Rastas from the Caribbean, the United States, Europe and Africa gathered for the weeklong meeting in Kingston, where reggae artists like Bob Marley and Peter Tosh gave the religion a world stage in the 1970s through songs promoting peace, nonviolence, legal marijuana and “one love.”

Trevor Stewart, a leader from the Bobo Ashanti sect, said the conference will discuss the Rastafarian faith and trying to end global conflict.

“You can’t rule the world with vigor and guns and bullets. It’s love that rules the world,” Stewart said.

Fueled by anger over the colonial oppression of blacks, Rastafarianism emerged in Jamaica during the 1930s and spread throughout the Caribbean. Followers practice a strict oneness with nature, eating only certain foods and growing their hair into long strands called dreadlocks.

“Everywhere in the world, the movement means liberation,” said professor Rex Nettleford, a social scientist who is vice chancellor of the University of the West Indies.

About 700,000 people practice the faith worldwide, but their numbers among Jamaica’s 2.6 million people are not known.

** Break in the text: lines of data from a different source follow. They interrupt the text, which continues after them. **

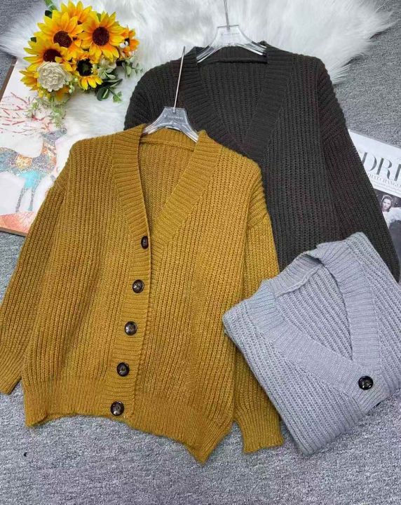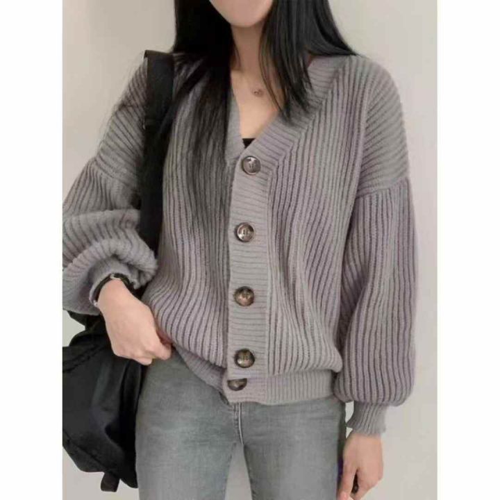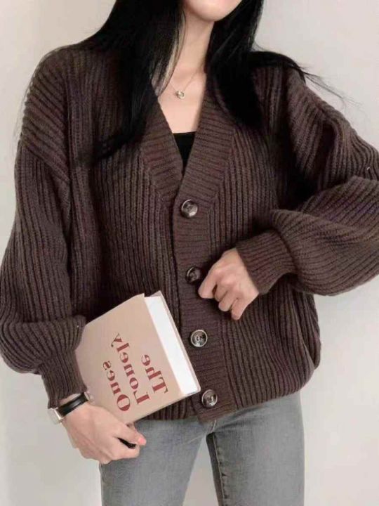 秋冬新款宽松百搭韩系净版简约慵懒风粗针毛衣开衫,独...
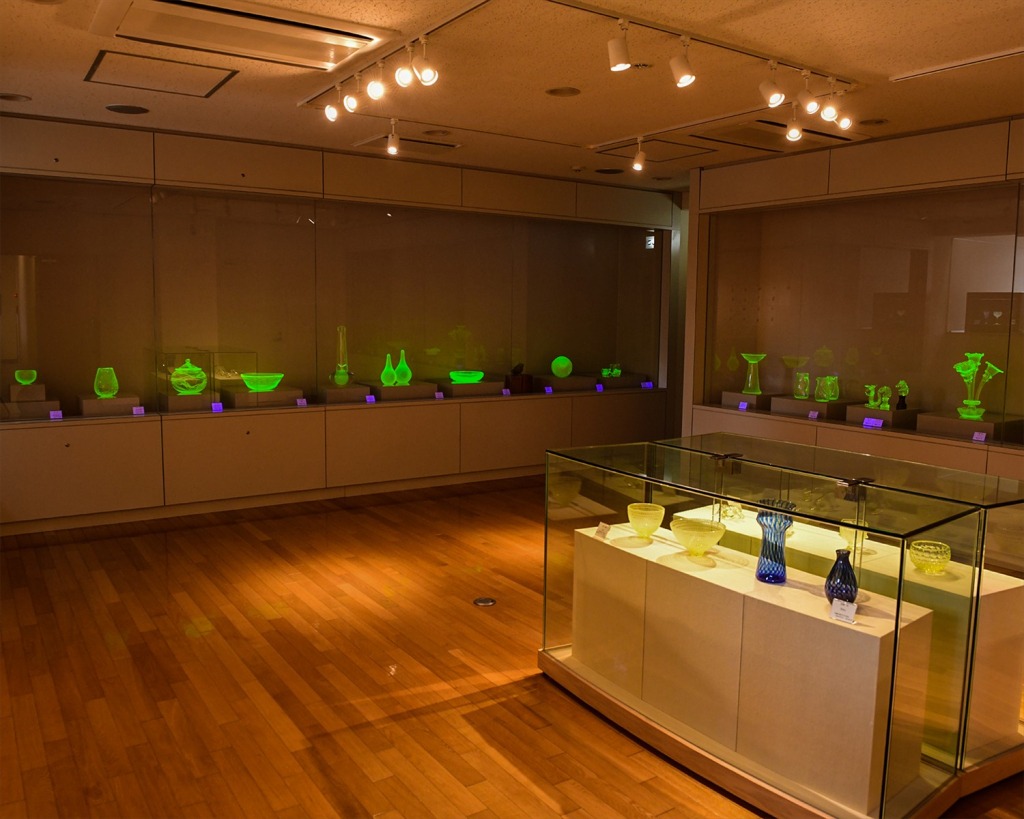 ※「常設展示室」には、たくさんのウランガラス作品が展示されています。
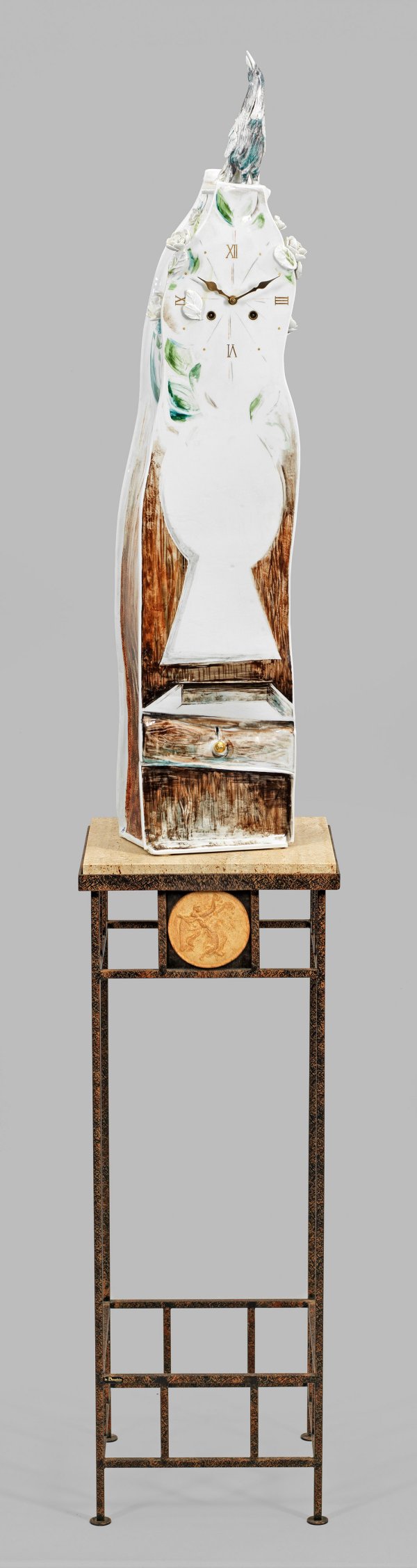 Hochgestreckter, balusterartig geschweifter Weißporzellan-Korpus, bekrönt von einem vollplastisch gearbeiteten Vogel. Die Schmalseiten mit plastisch aufgelegten Blüten und Blättern. Schauseitig angedeutetes, römisches Zifferblatt mit Goldzahlen sowie angebrachte Uhrenzeiger aus vergoldetem Metall. Unterhalb angedeuteter Schub. Sparsame, polychrome, lasierende Aufglasurmalerei mit Gold. Form- und Dekor-Entw. sowie Ausführung Peter Strang. Künstler-Sign. mit Dat. "P. Strang (19)96". Reliefiertes Künstler-Monogr. PS (Werkstattzeichen). Unikat-Nr. 488/1996. Uhrwerk mit Schlüsselaufzug sowie Schlagwerk auf Glocke. Beigabe: Verstrebter Metallpodest mit eingelassener, quadratischer Steinplatte und antikisierendem Reliefmedaillon aus Keramik. Schwertermarke. H. 94,5 cm. 19 cm x 14 cm.

Jamaican Rastas say they still endure discrimination in the birthplace of the religion, maintaining they are looked down upon for their dreadlocks and ritual use of marijuana, or ganja.

“People always associate us with ganja, but that’s not what we’re all about,” Makeda Hannah said. “We have to educate people and tell that we’re about peace and togetherness and family.”

Others accused government and business leaders of denying them jobs while exploiting Rastafarian images for commercial gain.

For example, they said Jamaican travel promotions entice tourists with smiling, dreadlocked locals on beaches, even though few Rastas work in hotels or the service industry.

“It’s a form of terrorism,” Ras Astor Black said. “They’re exploiting an indigenous group to make money while our people suffer.”

Jamaican Prime Minister P.J. Patterson declined an invitation to speak at the conference because of a scheduling conflict, his office said.

Instead, he sent Information Minister Burchell Whiteman, who said Rastas have created “a unique psychological space for people in the Caribbean struggling under colonialism.”

A prominent issue on this year’s agenda is repatriation to Africa, a key tenet of Rastafarianism. Some followers worship the late Ethiopian Emperor Haile Selassie – even though he was a despot in his native land – and believe returning to Africa would complete the cycle broken by slavery.

Last year, Rastas in Jamaica, a former British colony, unsuccessfully petitioned England’s Queen Elizabeth II for free transportation to Africa.

One Rasta not interested in that trek is Yvonne Douglas 55, of Red Hill, England, who is studying in Jamaica.

Douglas said she was drawn to the faith 11 years ago to achieve a purer lifestyle, not a cultural identity.

“It’s not about back to Africa. It’s about protest and looking after the world and making it a better place for our children,” Douglas said. “Rastafari has shown me how to value life.”